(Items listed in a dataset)
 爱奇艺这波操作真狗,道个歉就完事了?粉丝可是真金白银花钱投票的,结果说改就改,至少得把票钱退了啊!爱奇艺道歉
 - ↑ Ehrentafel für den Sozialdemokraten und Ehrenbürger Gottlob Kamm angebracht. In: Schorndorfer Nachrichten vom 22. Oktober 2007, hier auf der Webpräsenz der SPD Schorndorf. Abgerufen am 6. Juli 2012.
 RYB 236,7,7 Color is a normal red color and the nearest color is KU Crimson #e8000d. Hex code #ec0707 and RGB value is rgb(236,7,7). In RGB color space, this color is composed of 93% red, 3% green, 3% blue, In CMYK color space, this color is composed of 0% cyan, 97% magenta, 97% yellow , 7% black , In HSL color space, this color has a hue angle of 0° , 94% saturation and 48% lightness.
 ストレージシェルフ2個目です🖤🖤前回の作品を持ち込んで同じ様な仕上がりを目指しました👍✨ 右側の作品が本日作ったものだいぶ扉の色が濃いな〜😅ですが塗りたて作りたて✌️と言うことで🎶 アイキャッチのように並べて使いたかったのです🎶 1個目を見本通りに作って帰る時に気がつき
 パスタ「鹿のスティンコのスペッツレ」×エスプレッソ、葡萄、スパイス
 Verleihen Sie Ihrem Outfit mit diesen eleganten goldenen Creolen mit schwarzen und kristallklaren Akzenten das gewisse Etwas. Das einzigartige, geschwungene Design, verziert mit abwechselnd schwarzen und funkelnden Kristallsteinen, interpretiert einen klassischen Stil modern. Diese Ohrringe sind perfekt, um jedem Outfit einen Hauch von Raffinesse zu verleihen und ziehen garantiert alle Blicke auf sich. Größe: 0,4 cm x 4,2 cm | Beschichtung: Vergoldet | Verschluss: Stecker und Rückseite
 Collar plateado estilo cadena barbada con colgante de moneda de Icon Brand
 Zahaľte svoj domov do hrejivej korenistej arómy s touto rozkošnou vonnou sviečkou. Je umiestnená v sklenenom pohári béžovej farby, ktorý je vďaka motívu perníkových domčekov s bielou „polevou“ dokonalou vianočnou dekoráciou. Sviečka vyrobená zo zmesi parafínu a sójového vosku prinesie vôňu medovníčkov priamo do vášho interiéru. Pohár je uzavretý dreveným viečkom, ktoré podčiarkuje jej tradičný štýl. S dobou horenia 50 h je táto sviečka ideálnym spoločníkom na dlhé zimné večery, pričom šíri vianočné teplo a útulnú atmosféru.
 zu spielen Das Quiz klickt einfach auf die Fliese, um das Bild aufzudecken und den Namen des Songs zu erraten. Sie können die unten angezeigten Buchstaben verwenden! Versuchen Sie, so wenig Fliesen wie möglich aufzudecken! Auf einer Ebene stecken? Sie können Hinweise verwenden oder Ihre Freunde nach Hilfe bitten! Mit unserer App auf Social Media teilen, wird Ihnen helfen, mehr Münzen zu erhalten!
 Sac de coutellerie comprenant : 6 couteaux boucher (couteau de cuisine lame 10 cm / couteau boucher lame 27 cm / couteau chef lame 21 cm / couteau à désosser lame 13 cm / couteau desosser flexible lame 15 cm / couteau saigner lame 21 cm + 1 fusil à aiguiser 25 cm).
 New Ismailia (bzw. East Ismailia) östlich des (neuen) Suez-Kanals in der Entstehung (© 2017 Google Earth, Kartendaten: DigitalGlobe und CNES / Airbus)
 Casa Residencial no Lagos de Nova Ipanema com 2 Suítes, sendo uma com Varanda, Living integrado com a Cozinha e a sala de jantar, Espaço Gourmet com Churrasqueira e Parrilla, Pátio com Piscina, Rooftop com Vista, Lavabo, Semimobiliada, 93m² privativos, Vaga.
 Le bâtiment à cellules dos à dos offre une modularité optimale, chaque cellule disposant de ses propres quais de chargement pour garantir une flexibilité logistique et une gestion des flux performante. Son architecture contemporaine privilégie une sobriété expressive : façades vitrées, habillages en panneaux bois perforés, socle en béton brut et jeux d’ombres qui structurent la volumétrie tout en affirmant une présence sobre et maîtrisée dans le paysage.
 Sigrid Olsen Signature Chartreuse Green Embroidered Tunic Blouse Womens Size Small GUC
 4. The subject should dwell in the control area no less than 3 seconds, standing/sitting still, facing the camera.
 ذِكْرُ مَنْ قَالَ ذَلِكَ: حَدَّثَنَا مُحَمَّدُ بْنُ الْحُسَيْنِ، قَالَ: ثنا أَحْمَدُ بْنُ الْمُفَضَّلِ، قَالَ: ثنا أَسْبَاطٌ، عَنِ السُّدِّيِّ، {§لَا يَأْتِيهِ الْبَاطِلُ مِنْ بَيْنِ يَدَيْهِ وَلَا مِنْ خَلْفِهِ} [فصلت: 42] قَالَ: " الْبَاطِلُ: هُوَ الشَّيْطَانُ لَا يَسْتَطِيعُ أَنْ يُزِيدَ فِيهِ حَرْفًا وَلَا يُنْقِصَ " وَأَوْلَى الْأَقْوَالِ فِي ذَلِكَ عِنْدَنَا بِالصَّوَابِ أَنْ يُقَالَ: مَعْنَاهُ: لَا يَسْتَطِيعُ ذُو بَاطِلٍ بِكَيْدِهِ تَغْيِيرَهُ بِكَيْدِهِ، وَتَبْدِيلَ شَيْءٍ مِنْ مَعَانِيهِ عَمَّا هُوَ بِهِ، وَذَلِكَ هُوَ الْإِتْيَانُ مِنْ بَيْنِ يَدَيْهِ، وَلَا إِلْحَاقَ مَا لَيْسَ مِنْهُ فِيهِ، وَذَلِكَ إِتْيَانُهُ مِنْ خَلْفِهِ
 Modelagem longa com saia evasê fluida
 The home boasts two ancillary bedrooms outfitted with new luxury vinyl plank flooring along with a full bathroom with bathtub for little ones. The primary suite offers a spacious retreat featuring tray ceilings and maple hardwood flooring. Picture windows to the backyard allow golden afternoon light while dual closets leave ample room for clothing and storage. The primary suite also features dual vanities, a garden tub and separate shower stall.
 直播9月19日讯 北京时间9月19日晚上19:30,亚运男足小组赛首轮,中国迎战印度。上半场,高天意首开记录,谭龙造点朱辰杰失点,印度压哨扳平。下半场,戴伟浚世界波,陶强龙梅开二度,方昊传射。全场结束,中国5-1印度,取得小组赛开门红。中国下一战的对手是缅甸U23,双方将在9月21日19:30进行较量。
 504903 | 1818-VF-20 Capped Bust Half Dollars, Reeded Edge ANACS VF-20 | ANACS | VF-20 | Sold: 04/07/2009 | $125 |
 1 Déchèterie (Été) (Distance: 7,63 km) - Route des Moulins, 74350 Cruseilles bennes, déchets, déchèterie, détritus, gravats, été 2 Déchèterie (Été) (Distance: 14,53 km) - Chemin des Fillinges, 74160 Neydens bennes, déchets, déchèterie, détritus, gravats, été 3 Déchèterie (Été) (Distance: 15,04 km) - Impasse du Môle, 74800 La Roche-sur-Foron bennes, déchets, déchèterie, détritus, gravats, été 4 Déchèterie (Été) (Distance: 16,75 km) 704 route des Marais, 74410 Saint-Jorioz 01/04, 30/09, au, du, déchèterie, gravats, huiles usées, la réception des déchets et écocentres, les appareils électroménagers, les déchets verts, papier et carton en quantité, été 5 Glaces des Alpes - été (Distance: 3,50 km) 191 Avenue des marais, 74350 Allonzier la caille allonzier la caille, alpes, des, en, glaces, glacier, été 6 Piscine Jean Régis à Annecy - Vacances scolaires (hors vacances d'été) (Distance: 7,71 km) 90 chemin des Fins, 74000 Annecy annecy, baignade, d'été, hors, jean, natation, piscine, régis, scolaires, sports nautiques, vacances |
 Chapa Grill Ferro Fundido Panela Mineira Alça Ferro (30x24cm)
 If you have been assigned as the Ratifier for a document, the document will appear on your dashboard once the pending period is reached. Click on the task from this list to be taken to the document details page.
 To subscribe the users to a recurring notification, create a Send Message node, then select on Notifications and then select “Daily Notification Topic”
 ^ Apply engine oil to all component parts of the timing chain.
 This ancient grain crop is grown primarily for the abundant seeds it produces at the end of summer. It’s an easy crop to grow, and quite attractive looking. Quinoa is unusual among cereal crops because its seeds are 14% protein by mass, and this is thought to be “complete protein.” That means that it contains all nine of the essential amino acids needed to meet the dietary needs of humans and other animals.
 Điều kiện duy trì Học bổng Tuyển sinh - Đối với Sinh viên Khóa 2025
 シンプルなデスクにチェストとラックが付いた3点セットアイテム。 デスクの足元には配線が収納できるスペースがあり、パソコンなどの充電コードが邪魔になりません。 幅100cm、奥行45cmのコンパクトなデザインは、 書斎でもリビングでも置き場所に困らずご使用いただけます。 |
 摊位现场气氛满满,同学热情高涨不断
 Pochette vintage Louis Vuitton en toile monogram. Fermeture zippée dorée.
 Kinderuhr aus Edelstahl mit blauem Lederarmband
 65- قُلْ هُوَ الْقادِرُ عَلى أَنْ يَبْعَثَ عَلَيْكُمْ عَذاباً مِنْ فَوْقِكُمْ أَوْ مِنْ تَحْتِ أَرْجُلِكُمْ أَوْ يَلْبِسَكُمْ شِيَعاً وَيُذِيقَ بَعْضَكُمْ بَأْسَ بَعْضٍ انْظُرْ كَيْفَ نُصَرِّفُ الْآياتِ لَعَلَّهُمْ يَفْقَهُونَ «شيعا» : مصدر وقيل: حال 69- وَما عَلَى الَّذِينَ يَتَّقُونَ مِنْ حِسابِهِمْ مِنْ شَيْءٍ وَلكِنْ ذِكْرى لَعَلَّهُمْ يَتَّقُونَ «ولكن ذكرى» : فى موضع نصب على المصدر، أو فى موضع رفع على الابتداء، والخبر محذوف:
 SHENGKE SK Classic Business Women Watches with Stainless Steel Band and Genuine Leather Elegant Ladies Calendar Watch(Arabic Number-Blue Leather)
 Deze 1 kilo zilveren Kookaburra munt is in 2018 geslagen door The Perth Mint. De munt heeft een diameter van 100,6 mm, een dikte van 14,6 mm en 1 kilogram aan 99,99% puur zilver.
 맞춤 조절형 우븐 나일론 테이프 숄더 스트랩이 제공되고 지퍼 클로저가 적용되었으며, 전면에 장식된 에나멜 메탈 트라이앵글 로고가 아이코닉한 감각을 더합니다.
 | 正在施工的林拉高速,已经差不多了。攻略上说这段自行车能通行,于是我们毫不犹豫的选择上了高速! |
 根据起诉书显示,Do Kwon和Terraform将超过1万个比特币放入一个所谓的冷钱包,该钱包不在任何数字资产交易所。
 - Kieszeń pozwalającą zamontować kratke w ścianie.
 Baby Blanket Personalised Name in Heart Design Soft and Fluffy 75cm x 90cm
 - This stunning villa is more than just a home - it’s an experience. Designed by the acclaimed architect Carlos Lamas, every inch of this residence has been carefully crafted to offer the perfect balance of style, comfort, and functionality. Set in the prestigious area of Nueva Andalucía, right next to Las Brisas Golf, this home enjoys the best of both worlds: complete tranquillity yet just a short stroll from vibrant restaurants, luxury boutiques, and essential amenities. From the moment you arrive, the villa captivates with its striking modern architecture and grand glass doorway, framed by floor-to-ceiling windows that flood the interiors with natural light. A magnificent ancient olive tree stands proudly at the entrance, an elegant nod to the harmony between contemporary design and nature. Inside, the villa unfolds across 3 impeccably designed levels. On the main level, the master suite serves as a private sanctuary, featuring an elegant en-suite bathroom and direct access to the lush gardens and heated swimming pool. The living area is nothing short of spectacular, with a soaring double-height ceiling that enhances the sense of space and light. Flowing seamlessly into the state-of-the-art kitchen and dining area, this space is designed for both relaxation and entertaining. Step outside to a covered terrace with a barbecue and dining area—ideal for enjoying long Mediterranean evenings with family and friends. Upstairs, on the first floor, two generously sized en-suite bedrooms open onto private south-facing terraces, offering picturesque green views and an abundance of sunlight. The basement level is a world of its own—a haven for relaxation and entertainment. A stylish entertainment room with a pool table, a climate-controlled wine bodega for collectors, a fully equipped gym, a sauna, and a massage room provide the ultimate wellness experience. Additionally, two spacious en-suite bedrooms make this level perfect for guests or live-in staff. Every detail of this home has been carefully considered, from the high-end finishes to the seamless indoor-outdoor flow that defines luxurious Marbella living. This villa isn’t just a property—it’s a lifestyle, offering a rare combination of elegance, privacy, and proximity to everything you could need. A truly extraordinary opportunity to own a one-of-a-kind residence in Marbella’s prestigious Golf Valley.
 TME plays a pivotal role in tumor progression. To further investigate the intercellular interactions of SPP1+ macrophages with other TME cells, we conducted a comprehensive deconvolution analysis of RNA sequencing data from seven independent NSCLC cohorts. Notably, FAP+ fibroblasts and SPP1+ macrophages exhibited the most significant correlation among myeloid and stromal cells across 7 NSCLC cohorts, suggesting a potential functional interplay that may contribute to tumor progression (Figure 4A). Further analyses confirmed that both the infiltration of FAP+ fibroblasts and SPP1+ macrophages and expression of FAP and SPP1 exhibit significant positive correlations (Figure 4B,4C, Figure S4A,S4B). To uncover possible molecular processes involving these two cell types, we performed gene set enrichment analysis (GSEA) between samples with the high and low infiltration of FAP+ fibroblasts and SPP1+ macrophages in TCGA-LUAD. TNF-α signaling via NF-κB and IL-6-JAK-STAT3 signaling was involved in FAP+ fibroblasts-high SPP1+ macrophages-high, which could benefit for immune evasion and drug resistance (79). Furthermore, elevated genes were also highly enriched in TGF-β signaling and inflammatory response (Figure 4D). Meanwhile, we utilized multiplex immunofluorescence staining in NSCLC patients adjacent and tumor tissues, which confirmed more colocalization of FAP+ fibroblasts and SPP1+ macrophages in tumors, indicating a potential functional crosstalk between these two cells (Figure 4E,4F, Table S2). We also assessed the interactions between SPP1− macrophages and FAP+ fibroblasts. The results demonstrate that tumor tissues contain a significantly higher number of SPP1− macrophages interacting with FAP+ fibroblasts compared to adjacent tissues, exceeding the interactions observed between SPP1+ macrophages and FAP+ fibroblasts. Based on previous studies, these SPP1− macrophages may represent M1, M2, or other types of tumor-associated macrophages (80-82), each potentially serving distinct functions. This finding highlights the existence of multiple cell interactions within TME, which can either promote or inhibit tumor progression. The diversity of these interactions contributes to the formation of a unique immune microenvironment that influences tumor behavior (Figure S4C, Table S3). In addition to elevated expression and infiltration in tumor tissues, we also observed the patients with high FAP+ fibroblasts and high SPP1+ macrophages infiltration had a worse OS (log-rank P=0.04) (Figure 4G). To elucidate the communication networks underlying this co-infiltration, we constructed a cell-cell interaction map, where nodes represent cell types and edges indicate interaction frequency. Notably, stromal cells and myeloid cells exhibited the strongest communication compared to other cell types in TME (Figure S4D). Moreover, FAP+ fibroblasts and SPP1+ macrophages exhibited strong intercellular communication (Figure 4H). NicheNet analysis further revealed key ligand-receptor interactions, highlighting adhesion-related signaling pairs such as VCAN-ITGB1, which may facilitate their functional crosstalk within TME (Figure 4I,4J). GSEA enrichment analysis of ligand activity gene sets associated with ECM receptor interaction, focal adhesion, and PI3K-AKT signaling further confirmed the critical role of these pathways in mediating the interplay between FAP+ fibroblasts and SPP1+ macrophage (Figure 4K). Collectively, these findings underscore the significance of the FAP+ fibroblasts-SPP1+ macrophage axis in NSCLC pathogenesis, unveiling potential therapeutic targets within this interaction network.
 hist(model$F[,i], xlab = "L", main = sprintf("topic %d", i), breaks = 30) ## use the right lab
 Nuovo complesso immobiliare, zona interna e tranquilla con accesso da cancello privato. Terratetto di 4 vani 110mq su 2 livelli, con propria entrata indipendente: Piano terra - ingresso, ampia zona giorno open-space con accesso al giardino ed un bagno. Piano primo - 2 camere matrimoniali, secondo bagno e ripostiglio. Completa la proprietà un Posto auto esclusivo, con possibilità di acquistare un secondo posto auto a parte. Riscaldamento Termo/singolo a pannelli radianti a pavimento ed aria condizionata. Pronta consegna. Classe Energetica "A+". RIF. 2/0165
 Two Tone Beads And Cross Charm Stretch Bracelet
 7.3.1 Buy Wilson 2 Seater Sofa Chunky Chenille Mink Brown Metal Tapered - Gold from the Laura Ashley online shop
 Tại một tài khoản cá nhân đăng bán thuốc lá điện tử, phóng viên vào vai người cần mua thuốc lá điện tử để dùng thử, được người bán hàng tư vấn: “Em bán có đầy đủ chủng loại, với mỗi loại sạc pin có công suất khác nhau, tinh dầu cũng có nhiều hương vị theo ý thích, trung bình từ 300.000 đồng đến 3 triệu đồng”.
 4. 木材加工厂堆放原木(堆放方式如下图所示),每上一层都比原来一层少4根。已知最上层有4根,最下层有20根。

What to work on: From the records above, transcribe without alteration every line from the one with "To subscribe the" to the one with "Baby Blanket Personalised", inclusive.

Solution to the exercise:
 To subscribe the users to a recurring notification, create a Send Message node, then select on Notifications and then select “Daily Notification Topic”
 ^ Apply engine oil to all component parts of the timing chain.
 This ancient grain crop is grown primarily for the abundant seeds it produces at the end of summer. It’s an easy crop to grow, and quite attractive looking. Quinoa is unusual among cereal crops because its seeds are 14% protein by mass, and this is thought to be “complete protein.” That means that it contains all nine of the essential amino acids needed to meet the dietary needs of humans and other animals.
 Điều kiện duy trì Học bổng Tuyển sinh - Đối với Sinh viên Khóa 2025
 シンプルなデスクにチェストとラックが付いた3点セットアイテム。 デスクの足元には配線が収納できるスペースがあり、パソコンなどの充電コードが邪魔になりません。 幅100cm、奥行45cmのコンパクトなデザインは、 書斎でもリビングでも置き場所に困らずご使用いただけます。 |
 摊位现场气氛满满,同学热情高涨不断
 Pochette vintage Louis Vuitton en toile monogram. Fermeture zippée dorée.
 Kinderuhr aus Edelstahl mit blauem Lederarmband
 65- قُلْ هُوَ الْقادِرُ عَلى أَنْ يَبْعَثَ عَلَيْكُمْ عَذاباً مِنْ فَوْقِكُمْ أَوْ مِنْ تَحْتِ أَرْجُلِكُمْ أَوْ يَلْبِسَكُمْ شِيَعاً وَيُذِيقَ بَعْضَكُمْ بَأْسَ بَعْضٍ انْظُرْ كَيْفَ نُصَرِّفُ الْآياتِ لَعَلَّهُمْ يَفْقَهُونَ «شيعا» : مصدر وقيل: حال 69- وَما عَلَى الَّذِينَ يَتَّقُونَ مِنْ حِسابِهِمْ مِنْ شَيْءٍ وَلكِنْ ذِكْرى لَعَلَّهُمْ يَتَّقُونَ «ولكن ذكرى» : فى موضع نصب على المصدر، أو فى موضع رفع على الابتداء، والخبر محذوف:
 SHENGKE SK Classic Business Women Watches with Stainless Steel Band and Genuine Leather Elegant Ladies Calendar Watch(Arabic Number-Blue Leather)
 Deze 1 kilo zilveren Kookaburra munt is in 2018 geslagen door The Perth Mint. De munt heeft een diameter van 100,6 mm, een dikte van 14,6 mm en 1 kilogram aan 99,99% puur zilver.
 맞춤 조절형 우븐 나일론 테이프 숄더 스트랩이 제공되고 지퍼 클로저가 적용되었으며, 전면에 장식된 에나멜 메탈 트라이앵글 로고가 아이코닉한 감각을 더합니다.
 | 正在施工的林拉高速,已经差不多了。攻略上说这段自行车能通行,于是我们毫不犹豫的选择上了高速! |
 根据起诉书显示,Do Kwon和Terraform将超过1万个比特币放入一个所谓的冷钱包,该钱包不在任何数字资产交易所。
 - Kieszeń pozwalającą zamontować kratke w ścianie.
 Baby Blanket Personalised Name in Heart Design Soft and Fluffy 75cm x 90cm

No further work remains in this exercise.